Conceptual Understanding

To master the objective, students should be able to:

  1. State that an antiparticle has the same mass as its corresponding particle.
  2. Explain why the electric charge is opposite for particle–antiparticle pairs.
  3. Identify the positron as the antiparticle of the electron and list its key properties.
  4. Describe the annihilation process and calculate the energy of the resulting photons using \$E = mc^{2}\$.

Sample Question

Q: A positron with kinetic energy \$200\ \text{keV}\$ annihilates with a stationary electron.

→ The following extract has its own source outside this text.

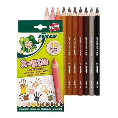 GREAT VARIETY Contains 10 vibrant skin colors specially designed for young artists and students to express their creativity and create realistic skin tones in their artwork. SHATTERPROOF & JUMBO SIZE The thick colored pencils are shatter-resistant and durable, which ensures long time use. Their jumbo size allows for easy and comfortable painting, ideal for small children's hands. BRIGHT COLOR INTENSIBILITY: The coloured pencils provide high colour intensity to make images shine and achieve an impressive result. The colours are vibrant and let creativity shine. Perfect for school and kindergarten: ideal for developing your artistic skills and learning in a playful way. The skin colours allow them to create diverse and unique works of art. HIGH QUALITY - The JOLLY X-Big skin coloured pencils are of high quality and have been specially designed for children. They are non-toxic and safe to use, so parents and teachers don't have to worry.

Calculate the total energy of each photon produced, assuming the annihilation results in two photons.

A: Total energy of each photon = rest‑mass energy + kinetic energy shared equally.

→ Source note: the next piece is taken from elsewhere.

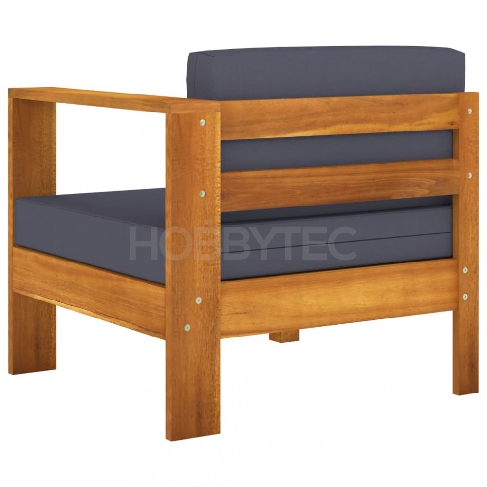 Zahradní pohovka je vyrobená z masivní akácie, tvrdého dřeva s hustou kresbou. Krásně navržená pohovka je stabilní, má dlouhou životnost a atraktivní vzhled. Vynikající řemeslné zpracování a krásná kresba dřeva dávají každému kusu unikátní charakter. Při relaxování můžete použít opěrku na ruku. Hustě polstrované podušky nabízejí optimální pohodlí. Dřevěné pohovky můžete zkombinovat s dalšími kusy nábytku, a vytvořit si tak své vlastní zahradní posezení.

Rest‑mass energy of electron = \$511\ \text{keV}\$.

Total initial energy = \$511\ \text{keV} + 511\ \text{keV} + 200\ \text{keV} = 1222\ \text{keV}\$.

Energy per photon = \$\dfrac{1222\ \text{keV}}{2} = 611\ \text{keV}\$.

Suggested diagram: A cloud‑chamber track showing opposite curvature for an electron and a positron in a magnetic field, and a schematic of electron‑positron annihilation producing two \$511\ \text{keV}\$ photons.